Springdale-based Tyson, responding to a federal lawsuit over labeling its poultry as "raised without antibiotics," already said it used ionophores in its chicken feed. Though widely considered an antibiotic, ionophores are not used to treat illnesses in humans and thus are not believed to raise human health concerns.
"In contrast to information presented by Tyson Foods Inc., (inspectors) found that they routinely used the antibiotic gentamicin to prevent illness and death in chicks, which raises public health concerns," Raymond said in a statement.
Amanda Eamich, a USDA spokeswoman, said the agency also sent a letter Monday night to Tyson, warning that it could not consider its no-antibiotics label as "truthful and accurate."
"The use of this particular antibiotic was not disclosed to us," Eamich said.
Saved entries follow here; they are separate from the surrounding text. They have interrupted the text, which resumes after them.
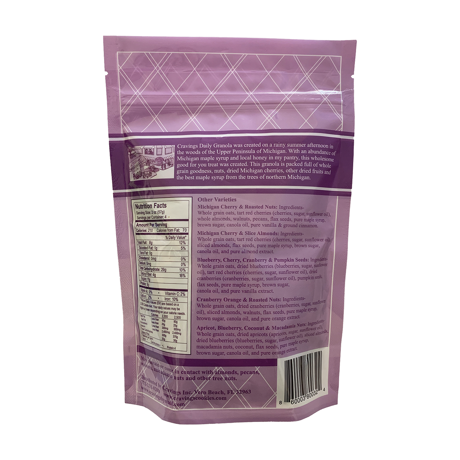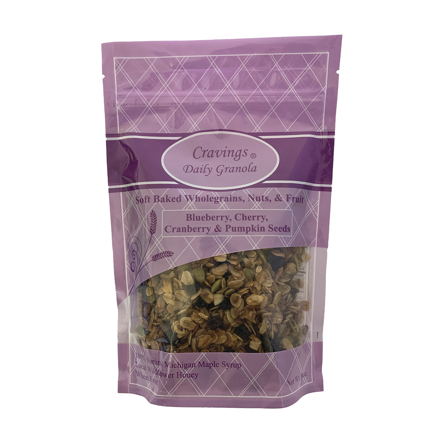 Made with whole grain oats, dried blueberries, tart Michigan cherries, dried cranberries, pure maple syrup straight from northern Michigan, flax seeds, and pumpkin seeds.
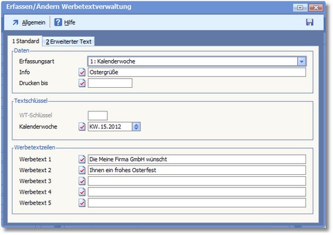 Navigation:  OfficePlaner > Stammdaten > Basisdaten > Werbetexte > Werbetexte erfassen/ändern >
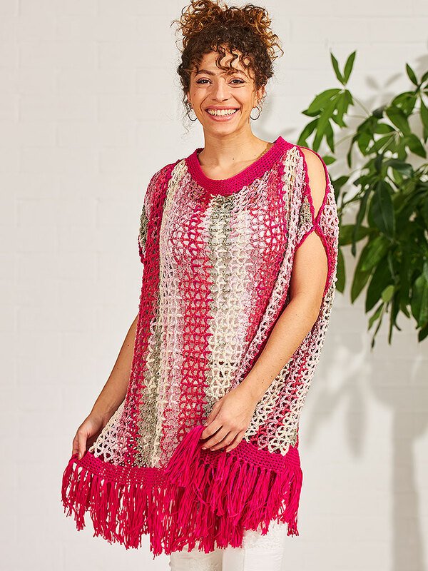 Dieser luftige Poncho ist nicht nur für den Sommer, auch im Winter als Hingucker ist er ein ideales Pölsterchenverstecker.
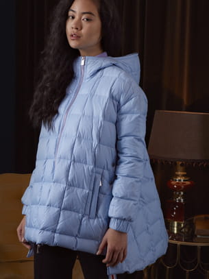 Doudoune mi-longue oversize et asymétrique couleur bleu ciel à capuche et fermeture zippée argentée avec poches passepoilées sur le devant et fentes latérales avec boutons-pressions de LU MEI London

Tyson spokesman Gary Mickelson said the company used gentamicin during egg vaccinations, before the birth of a chicken. Mickelson described the vaccinations as a standard practice, as rules on labels describing how birds are "raised" typically start from the second day of life.
"While we agree with the agency that a public process is needed to sort out the many nuances of label claims describing on-farm practices, we respectfully disagree ... with any statements suggesting our products are anything less than safe and wholesome," Mickelson said in a statement.
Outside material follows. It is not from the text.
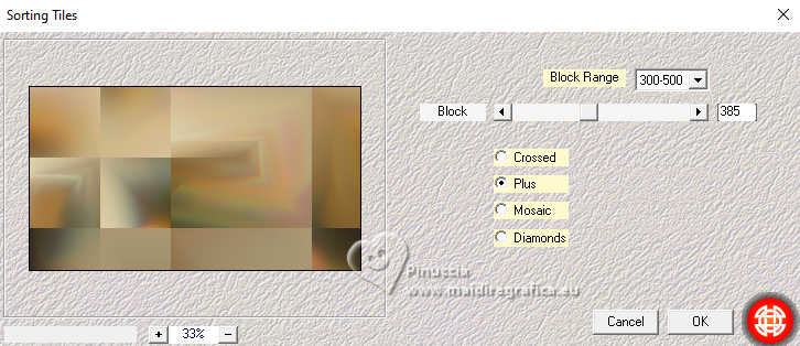 qui puoi trovare qualche risposta ai tuoi dubbi. Se l'argomento che ti interessa non è presente, ti prego di segnalarmelo. Questo tutorial è stato creato con PSP2022 e tradotto con PSPX9, PSP2020 e PSP2022, ma può essere realizzato anche con le altre versioni di PSP. Dalla versione X4, il comando Immagine>Rifletti è stato sostituito con Immagine>Capovolgi in orizzontale, e il comando Immagine>Capovolgi con Immagine>Capovolgi in verticale. Nelle versioni X5 e X6, le funzioni sono state migliorate rendendo disponibile il menu Oggetti. Con la nuova versione X7, sono tornati Rifletti>Capovolgi, ma con nuove varianti. Vedi la scheda sull'argomento qui Le vostre versioniOccorrente: Materiale qui Per il tube grazie Renée. Il resto del materiale è di Crealine (in questa pagina trovi i links ai siti dei creatori del materiale usato nei tutorial) Filtri: se hai problemi con i filtri, consulta la mia sezione filtri qui Filters Unlimited 2.0 qui &<Background Designers IV> - sf10 Slice N Dice (da importare in Unlimited) qui &<Bkg Kaleidoscope> - @Mirrored & Scaled (da importare in Unlimited) qui Mehdi - Wavy Lab 1.1. qui Mehdi - Sorting Tile qui Graphics Plus - Cross Shadow qui Xero - Fritillary qui Alf's Border FX - Border Fade III qui Filter Factory Gallery A - Pool Shadow qui Alien Skin Eye Candy 5 Impact - Glass qui Adjust - Variations qui I filtri Graphics Plus e Alf's Border FX si possono usare da soli o importati in Filters Unlimited (come fare vedi qui) Se un filtro fornito appare con questa icona ![]() non esitare a cambiare modalità di miscelatura e opacità secondo i colori utilizzati. Metti il preset Cliccando sul file una o due volte (a seconda delle tue impostazioni), automaticamente il preset si installerà nella cartella corretta. perchè uno o due clic vedi qui ![]() Apri la maschera in PSP e minimizzala con il resto del materiale. Colori utilizzati ![]() Imposta il colore di primo piano con il colore 2 #c17619, e il colore di sfondo con il colore 1 #e1ddb7. ![]() 1. Apri Alpha-Univers.©crealine. Finestra>Duplica, o sulla tastiera maiuscola+D, per fare una copia ![]() Chiudi l'originale. La copia, che sarà la base del tuo lavoro, non è vuota, ma contiene le selezioni salvate sul canale alfa. Effetti>Plugins>Mehdi - Wavy Lab 1.1. questo filtro lavora con i colori della paletta: il primo è il colore di sfondo, il secondo quello di primo piano; cambia gli ultimi due colori creati dal filtro: il terzo con il colore 3 #b68c62 e il quarto con il colore 4 #131311. ![]() per facilitare la "lettura" imposta nuovamente il colore di primo piano con il colore 1 #e1ddb7 e il colore di sfondo con il colore 2 #c17619 ![]() Regola>Sfocatura>Sfocatura radiale. ![]() Effetti>Effetti di immagine>Motivo unico. ![]() Effetti>Effetti di bordo>Aumenta. 2. Effetti>Plugins>Mehdi - Sorting Tiles. ![]() Effetti>Effetti di bordo>Aumenta. 3. Livelli>Duplica. Effetti>Plugins>Filters Unlimited 2.0 - &<Background Designers IV> - sf10Slice N Dice ![]() Cambia la modalità di miscelatura di questo livello in Sovrapponi, o altro, e abbassa l'opacità al 60%. ![]() 4. Livelli>Nuovo livello raster. Riempi il livello con il colore di primo piano #e1ddb7.Livelli>Nuovo livello maschera>da immagine. Apri il menu sotto la finestra di origine e vedrai la lista dei files aperti. Seleziona la maschera Narah_mask_0340 ![]() Effetti>Effetti di bordo>Aumenta. Livelli>Unisci>Unisci gruppo. Sposta la maschera a destraStrumento Puntatore ![]() Posizione X: 196,00 - Posizione Y: 0,00. ![]() Cambia la modalità di miscelatura di questo livello in Luminanza, o Filtra. ![]() 5. Attiva il livello Copia di Raster 1. Selezione>Carica/Salva selezione>Carica selezione da canale alfa. La selezione sélection #1 è subito disponibile. Devi soltanto cliccare Carica. ![]() Selezione>Innalza selezione a livello. Selezione>Deseleziona. Effetti>Effetti 3D>Sfalsa ombra, colore 3 #b68c62, ombra su nuovo livello selezionato. ![]() non dimenticare di deselezionare ombra su nuovo livello alla prossima applicazione Rimani posizionato sul livello dell'ombra. Effetti>Plugins>GraphicsPlus - Cross Shadow, con i settaggi standard. ![]() Attiva nuovamente il livello della selezione. Cambia la modalità di miscelatura di questo livello in Moltiplica. ![]() 6. Attiva nuovamente il livello Copia di Raster 1. Selezione>Carica/Salva selezione>Carica selezione da canale alfa. Apri il menu delle selezioni e carica la selezione sélection #2. ![]() Selezione>Innalza selezione a livello. Selezione>Modifica>Contrai - 50 pixels. ![]() Effetti>Effetti 3D>Sfalsa ombra, colore nero. ![]() Selezione>Deseleziona. Effetti>Plugins>Filters Unlimited 2.0 - &<Bkg Kaleidoscope> - @Mirrored & Scaled. ![]() con la versione di Unlimited 2.3. la parte bianca avrà il colore del tuo colore di sfondo ![]() Effetti>Effetti 3D>Sfalsa ombra, con i settaggi precedenti. Attiva lo strumento Bacchetta magica , tolleranza o sfumatura 0,![]() Clicca sul colore unito (bianco nel mio esempio con Unlimited 2.0 e con il colore di sfondo nell'esempio con Unlimited 2.3) e sul piccolo triangolo in basso a sinistra. ![]() se il tuo colore unito è il bianco, prima di continuare, riempi la selezione con il colore di sfondoEffetti>Plugins>Xero - Fritillary ![]() Regola>Messa a fuoco>Metti a fuoco. Selezione>Modifica>Contrai - 20 pixels. Premi sulla tastiera il tasto CANC ![]() Selezione>Deseleziona. 7. Attiva il livello di sfondo Raster 1. Effetti>Plugins>Alf's Border FX - Border Fade III. ![]() Effetti>Plugins>Graphics Plus - Cross Shadows (nel mio secondo esempio non l'ho applicato) ![]() 8. Attiva il livello superiore. Apri il tube del paesaggio mist-univers-@crealinegraphic ![]() Modifica>Copia. Torna al tuo lavoro e vai a Modifica>Incolla come nuovo livello. Immagine>Ridimensiona, all'80%, tutti i livelli non selezionato. Immagine>Rifletti>Rifletti orizzontalmente. Attiva lo strumento Puntatore ![]() Posizione X: 335,00 - Posizione Y: -132,00 ![]() Abbassa l'opacità di questo livello al 60%

Charles Hansen of the Truthful Labeling Coalition, whose members are Perdue Farms Inc., Sanderson Farms Inc. and Livingston, Calif.-based Foster Farms, had asked the USDA to rescind its approval for Tyson's labeling.
Hansen said Tuesday that eggs typically receive the gentamicin the day before the birds hatch and that the antibiotic takes several weeks to dissipate from their systems.
"The labels were clearly false and misleading," Hansen said.
On Monday, Tyson announced it would "voluntarily withdraw" labels claiming that its poultry products didn't contain antibiotics, after a federal court issued an injunction stopping the company from making the claim in its advertising.
The company said it would ask the USDA to start "a public process to bring more clarity and consistency to labeling and advertising rules" on antibiotic claims.
Raymond's statement said the USDA had ordered Tyson on Monday night to stop using the "raised without antibiotics" labels by June 18, something Mickelson called "unrealistic."
U.S. District Judge Richard Bennett in Baltimore had set a May 15 deadline to stop Tyson from running any of the advertisements, including in-store posters and brochures. The injunction came after competitors Perdue and Sanderson sued, claiming Tyson's advertising was misleading.
Sanderson, based in Laurel, Miss., has argued it lost a $4 million account to Tyson because of the advertising campaign, and Salisbury, Md.-based Perdue claims it has lost about $10 million in revenue since last year.
Shares of Tyson fell $1.47 , or nearly 8 percent, to $16.98 on Tuesday.